Stored dataset items
§ §
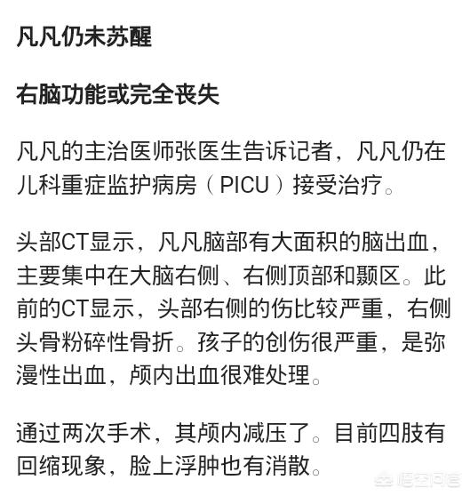 目前,孩子仍处在昏迷的状态。颅压还是偏高,瞳孔两侧不等大,反应还是很不好,暂时还没有脱离生命危险。 孩子的头部CT显示,脑部有大面积的脑出血,头部右侧的伤比较严重,右侧头骨粉碎性骨折。
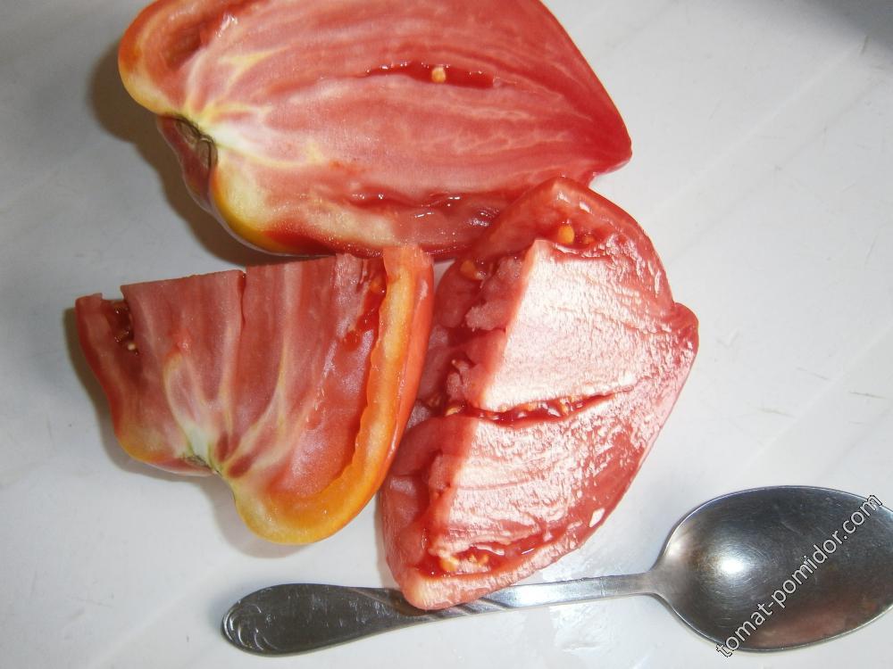Среднозреещ индетерминантен сорт за оранжерии. Подходящ за салати, консервиране и преработка в доматени продукти. | Овални, гладки, оранжеви, розови или червени, до 400 г. Добър вкус. |
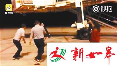 乘客下飞机后,在停机坪上踢毽(视频截图)
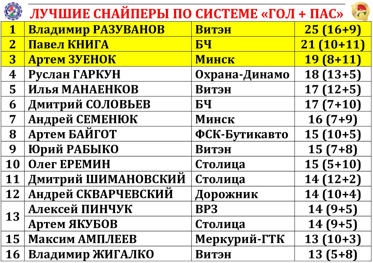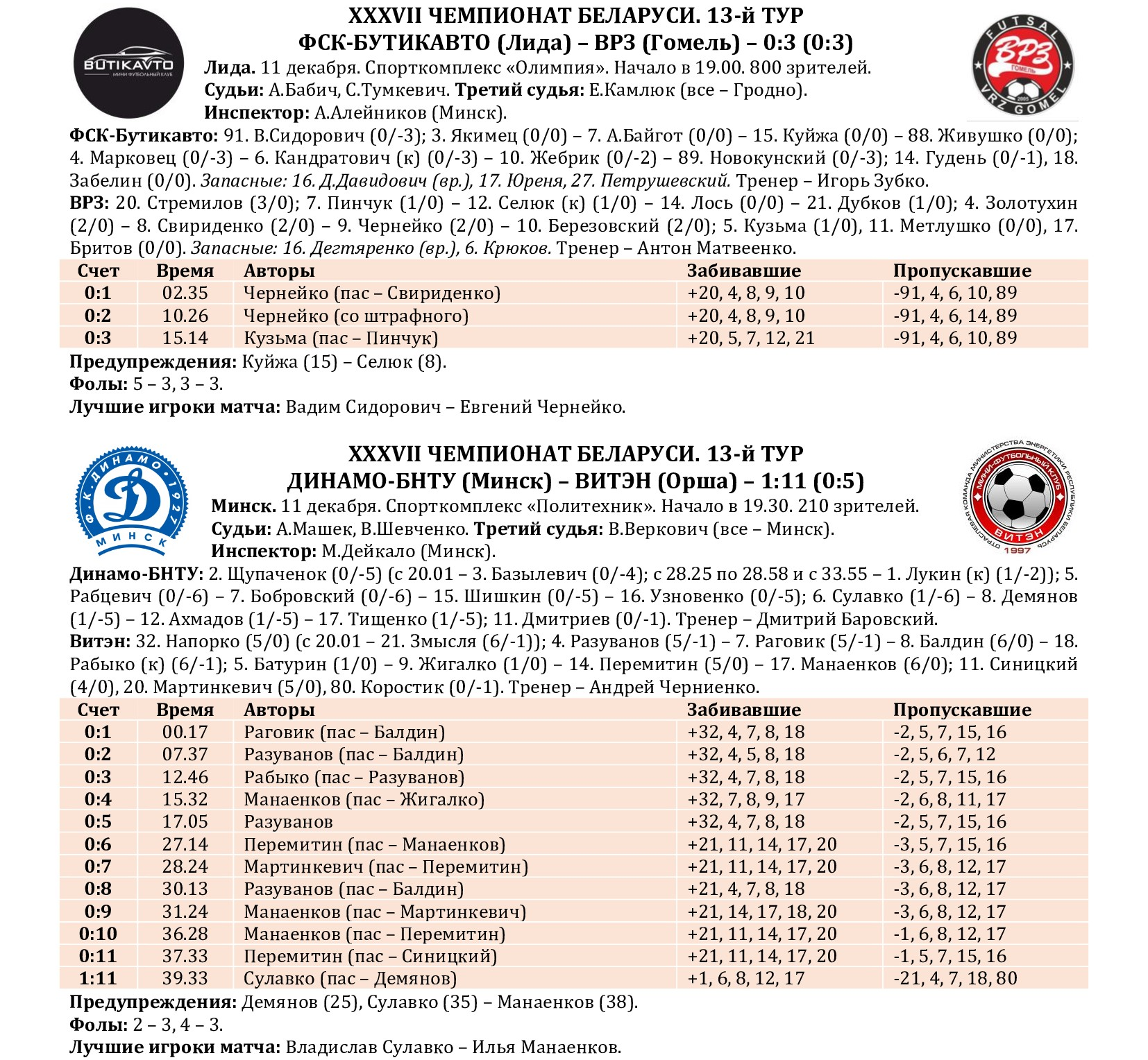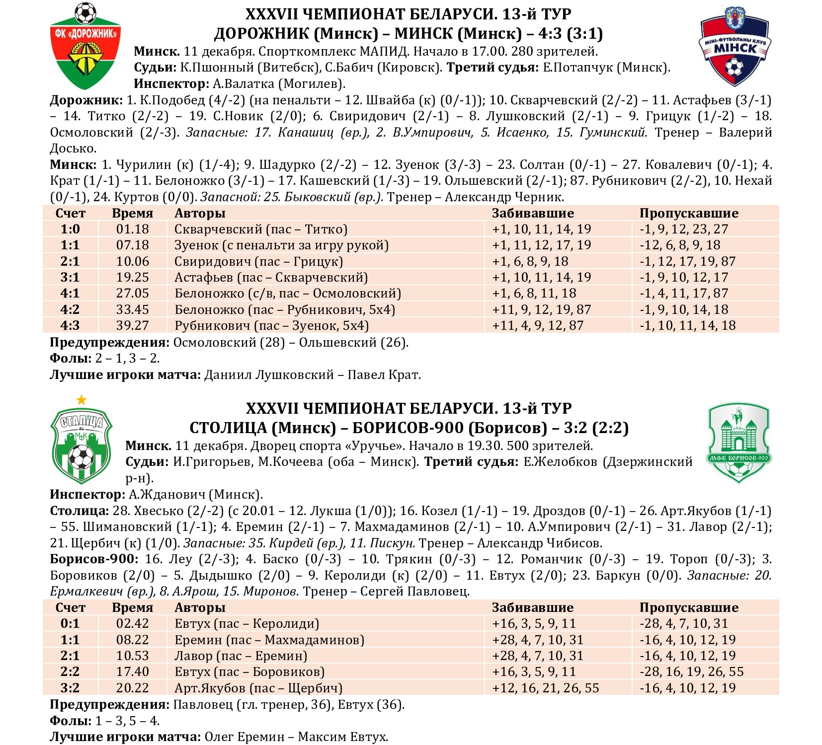 По традиции на сайте МФК «Столица» мы подводим итоги прошедшего тура с полной статистикой всех матчей, где указаны не только ассистенты при голевых «выстрелах», но и показатели по системе «плюс/минус» (статистический показатель полезности игрока, который отражает разность забитых и пропущенных командой мячей в то время, когда тот или иной игрок находился на площадке). Турнирная таблица, списки лучших бомбардиров, снайперов и самых полезных, символическая сборная, лучший игрок тура, ссылки на видеотрансляции и видеообзоры, 10-ка самых красивых голов, выпуски телепрограмм «Ясно о мини-футболе» и «Пятый полевой», репортаж об итогах из газеты «Прессбол» – вся информация о минувшем туре под одним заголовком!
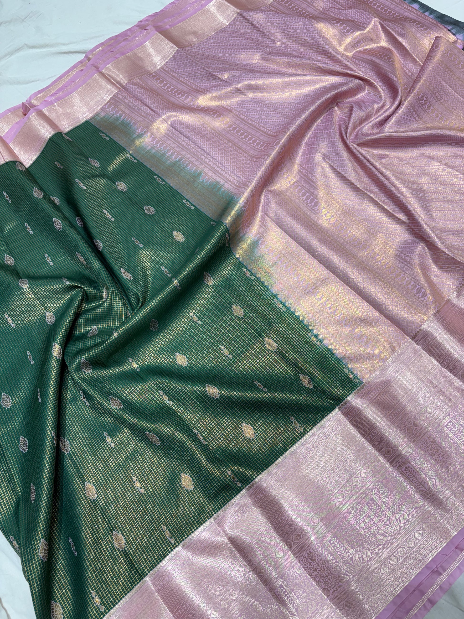 Elegant Pink & Green Banarasi Silk Saree
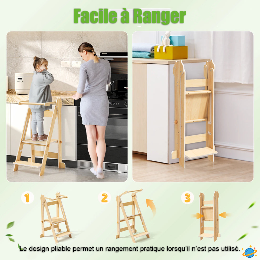 Oui, conçue pour être robuste et stable, la tour permet à l’enfant de prendre de la hauteur sans danger.
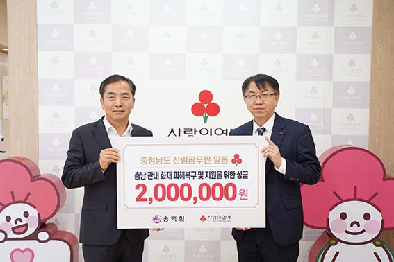 ÇÑÆí µµ´Â »êºÒ ÇÇÇØ º¹±¸ Áö¿øÀ» À§ÇØ Ãæ³²»çȸº¹Áö°øµ¿¸ð±Ýȸ ÁÖ°üÀ¸·Î ´ÙÀ½´Þ ¸»±îÁö ¼º±Ý ¸ð±ÝÀ» ÁøÇàÇϸç, Ãæ³²»çȸº¹Áö°øµ¿¸ð±Ýȸ Àü¿ë °èÁÂ(³óÇù 301-0700-1212-01)¸¦ ÅëÇØ ´©±¸³ª Âü¿©ÇÒ ¼ö ÀÖ´Ù.
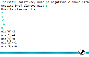 Učitati članove niza. Ispisati: pozitivne, nule pa negativne članove niza.
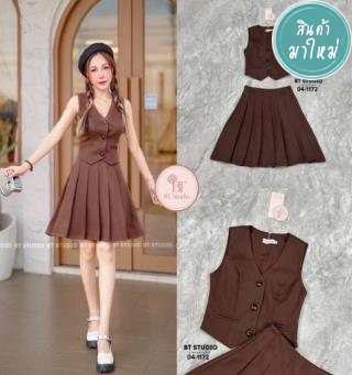 เซท 2 ชิ้น เสื้อเบเซอร์แขนกุดกระดุมหน้าปลายชายตัดเฉียง
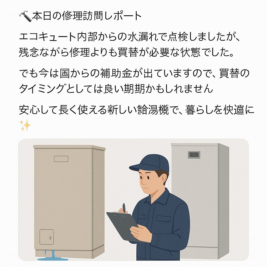 エコキュートの修理依頼で伺ったところ、内部からの水漏れで買替が必要でした。 実は今、国の補助制度が利用できるため、買替の良いタイミングでもあります。 「壊れて困ってから」より「補助がある今」に動く方が安心・お得かもしれません💡 気になる方はお気軽にご相談ください! #国富町 #地域密着 pic.x.com/KNEbcMkpnW
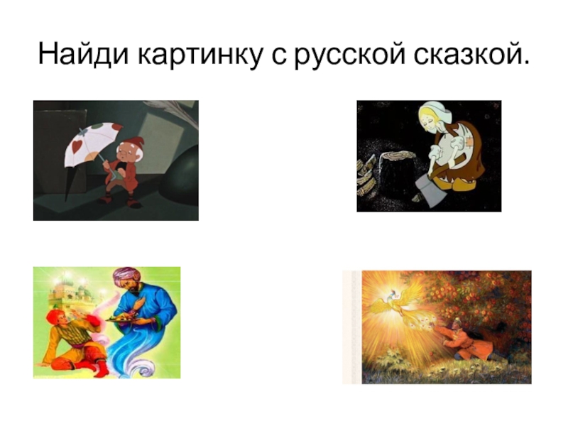Слайд 5Найди картинку с русской сказкой.
§ §
The lines to retype run from the one containing "#国富町 #地域密着 pic.x.com/KNEbcMkpnW" through the last line of the records above; write them exactly and skip the pictures.

 エコキュートの修理依頼で伺ったところ、内部からの水漏れで買替が必要でした。 実は今、国の補助制度が利用できるため、買替の良いタイミングでもあります。 「壊れて困ってから」より「補助がある今」に動く方が安心・お得かもしれません💡 気になる方はお気軽にご相談ください! #国富町 #地域密着 pic.x.com/KNEbcMkpnW
Слайд 5Найди картинку с русской сказкой.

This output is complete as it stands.